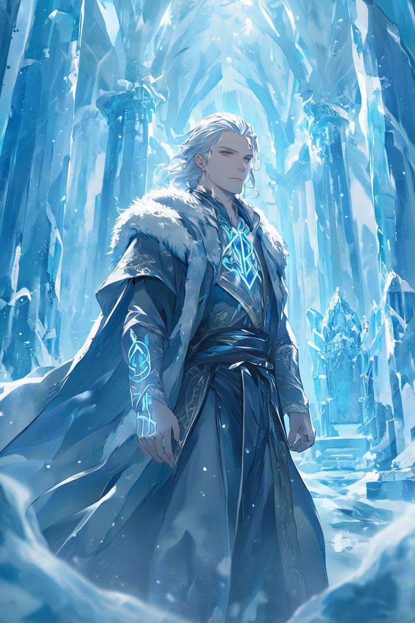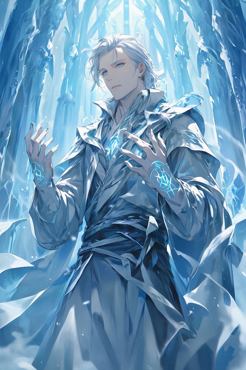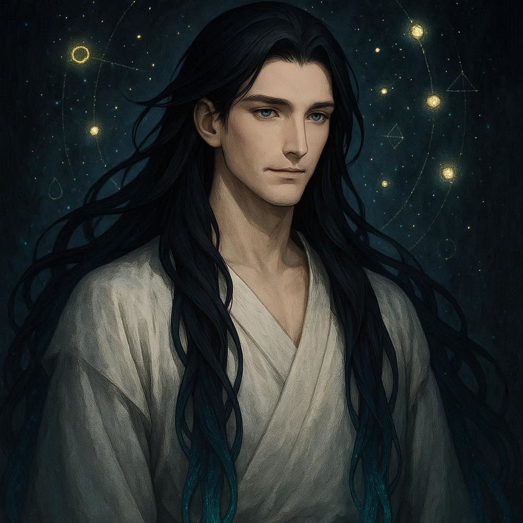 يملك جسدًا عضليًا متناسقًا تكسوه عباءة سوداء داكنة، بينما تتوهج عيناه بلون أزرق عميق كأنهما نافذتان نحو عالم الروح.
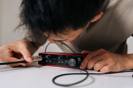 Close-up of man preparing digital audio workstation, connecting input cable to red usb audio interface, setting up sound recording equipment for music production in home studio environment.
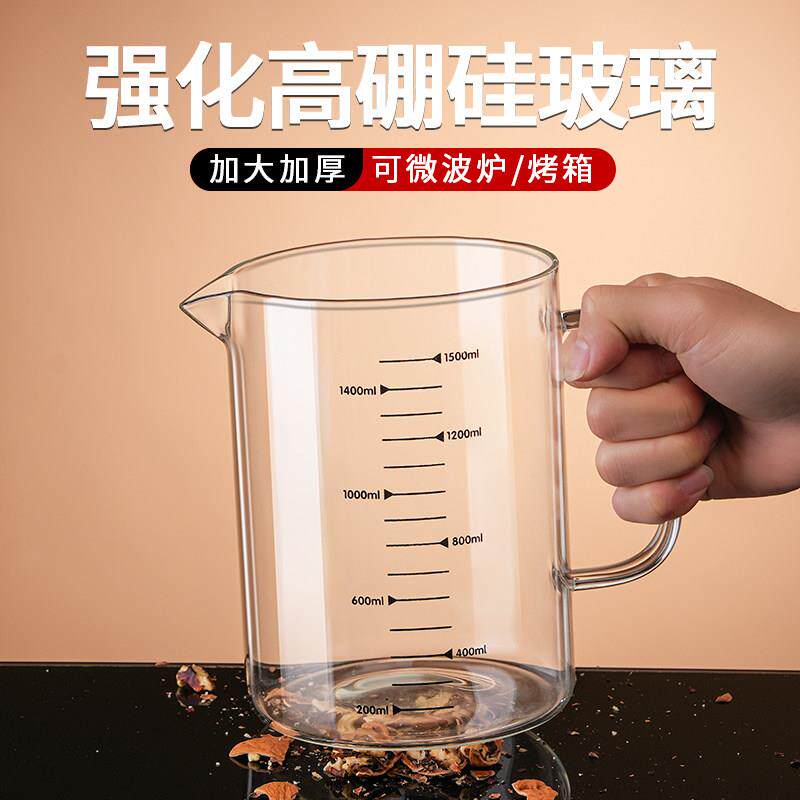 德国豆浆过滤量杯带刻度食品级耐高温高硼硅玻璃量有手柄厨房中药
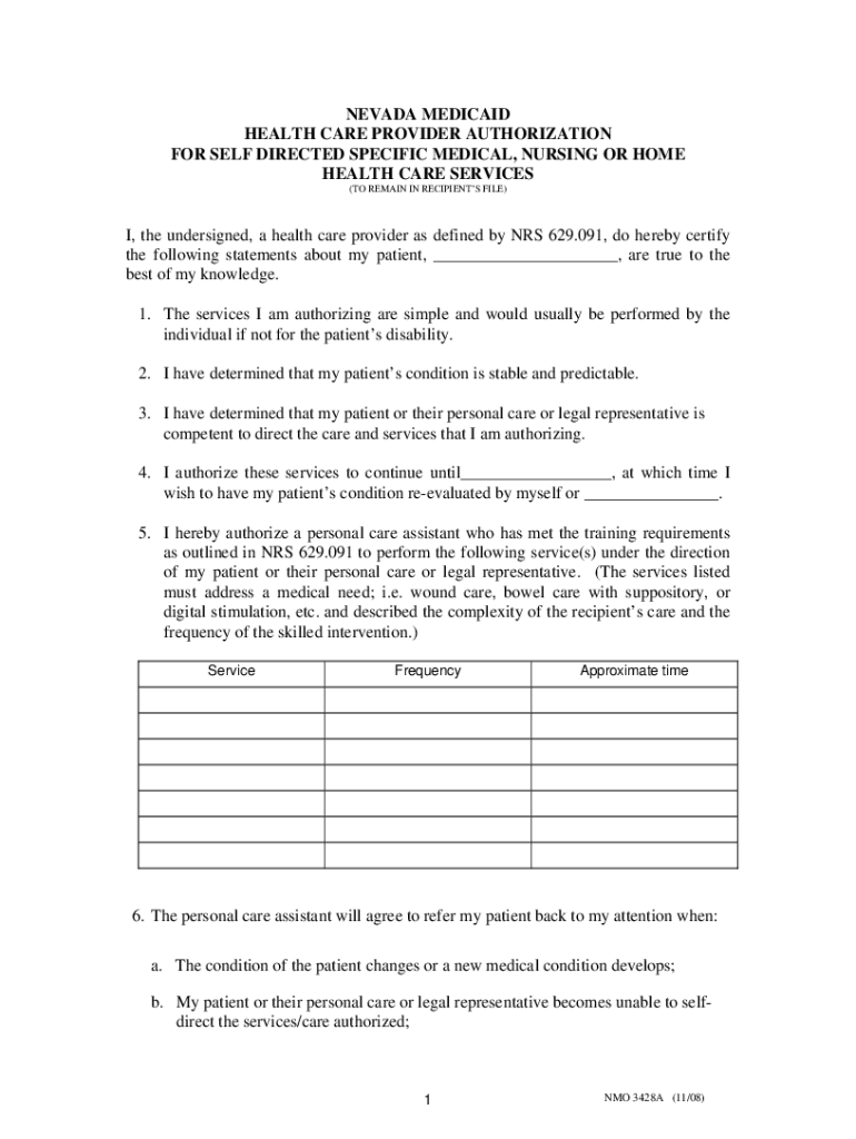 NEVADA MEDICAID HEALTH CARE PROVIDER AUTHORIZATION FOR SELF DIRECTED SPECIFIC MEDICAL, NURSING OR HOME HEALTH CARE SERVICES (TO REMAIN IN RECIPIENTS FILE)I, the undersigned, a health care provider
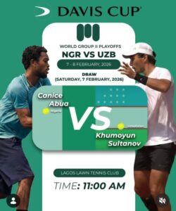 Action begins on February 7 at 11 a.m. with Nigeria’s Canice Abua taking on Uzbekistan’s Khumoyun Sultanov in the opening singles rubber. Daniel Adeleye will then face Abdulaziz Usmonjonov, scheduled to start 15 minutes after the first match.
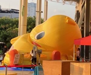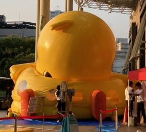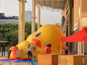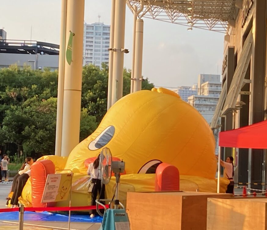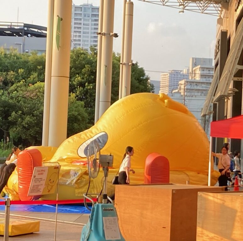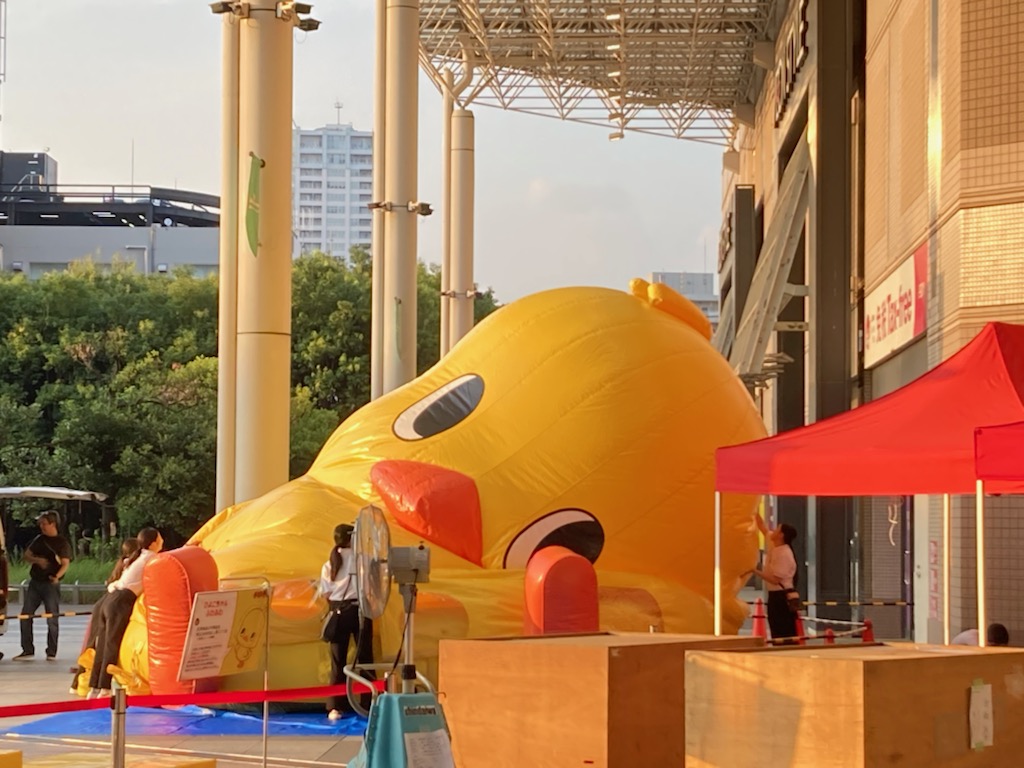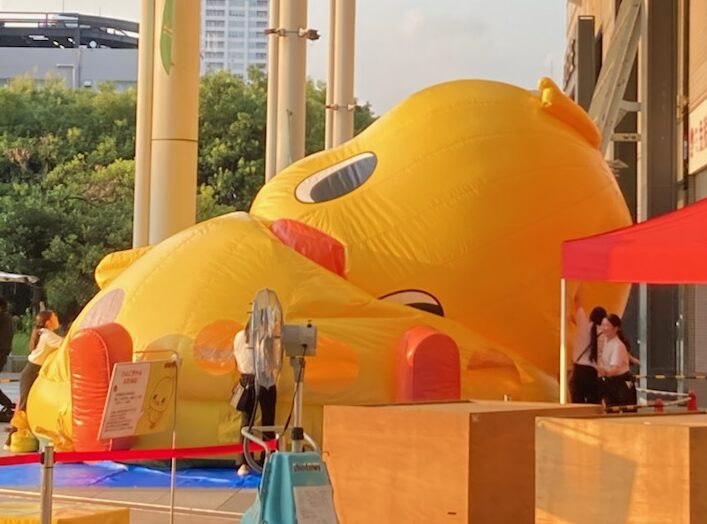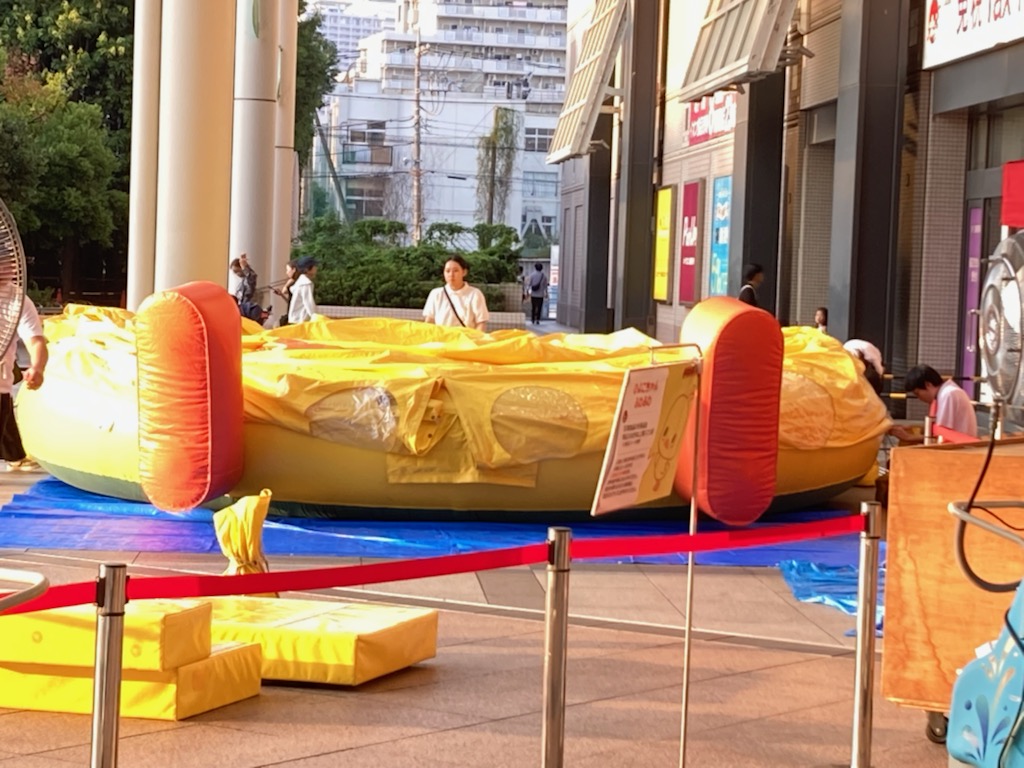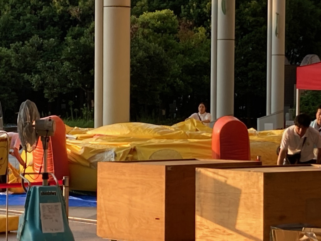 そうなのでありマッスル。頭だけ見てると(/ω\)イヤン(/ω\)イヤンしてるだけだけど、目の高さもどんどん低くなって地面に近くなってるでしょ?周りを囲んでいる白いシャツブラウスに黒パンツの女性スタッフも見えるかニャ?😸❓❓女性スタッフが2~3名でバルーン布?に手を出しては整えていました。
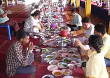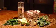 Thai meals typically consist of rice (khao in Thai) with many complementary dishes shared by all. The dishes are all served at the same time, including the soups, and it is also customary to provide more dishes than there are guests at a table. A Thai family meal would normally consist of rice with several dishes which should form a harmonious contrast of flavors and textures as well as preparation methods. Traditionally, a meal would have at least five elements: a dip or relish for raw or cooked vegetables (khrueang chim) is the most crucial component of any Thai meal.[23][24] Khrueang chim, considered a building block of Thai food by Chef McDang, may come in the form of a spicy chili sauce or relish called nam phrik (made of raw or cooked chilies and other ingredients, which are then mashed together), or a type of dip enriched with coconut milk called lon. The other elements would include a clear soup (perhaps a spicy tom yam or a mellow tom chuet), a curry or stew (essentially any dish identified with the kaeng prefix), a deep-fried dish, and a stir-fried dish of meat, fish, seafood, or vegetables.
+ + +
- **PROBLEM DESCRIPTION**: Please repeat exactly the lines from the one containing "Action begins on" through the last line of the records, both included, and leave out the pictures.

- **RESULT BELOW**:
 Action begins on February 7 at 11 a.m. with Nigeria’s Canice Abua taking on Uzbekistan’s Khumoyun Sultanov in the opening singles rubber. Daniel Adeleye will then face Abdulaziz Usmonjonov, scheduled to start 15 minutes after the first match.
 そうなのでありマッスル。頭だけ見てると(/ω\)イヤン(/ω\)イヤンしてるだけだけど、目の高さもどんどん低くなって地面に近くなってるでしょ?周りを囲んでいる白いシャツブラウスに黒パンツの女性スタッフも見えるかニャ?😸❓❓女性スタッフが2~3名でバルーン布?に手を出しては整えていました。
 Thai meals typically consist of rice (khao in Thai) with many complementary dishes shared by all. The dishes are all served at the same time, including the soups, and it is also customary to provide more dishes than there are guests at a table. A Thai family meal would normally consist of rice with several dishes which should form a harmonious contrast of flavors and textures as well as preparation methods. Traditionally, a meal would have at least five elements: a dip or relish for raw or cooked vegetables (khrueang chim) is the most crucial component of any Thai meal.[23][24] Khrueang chim, considered a building block of Thai food by Chef McDang, may come in the form of a spicy chili sauce or relish called nam phrik (made of raw or cooked chilies and other ingredients, which are then mashed together), or a type of dip enriched with coconut milk called lon. The other elements would include a clear soup (perhaps a spicy tom yam or a mellow tom chuet), a curry or stew (essentially any dish identified with the kaeng prefix), a deep-fried dish, and a stir-fried dish of meat, fish, seafood, or vegetables.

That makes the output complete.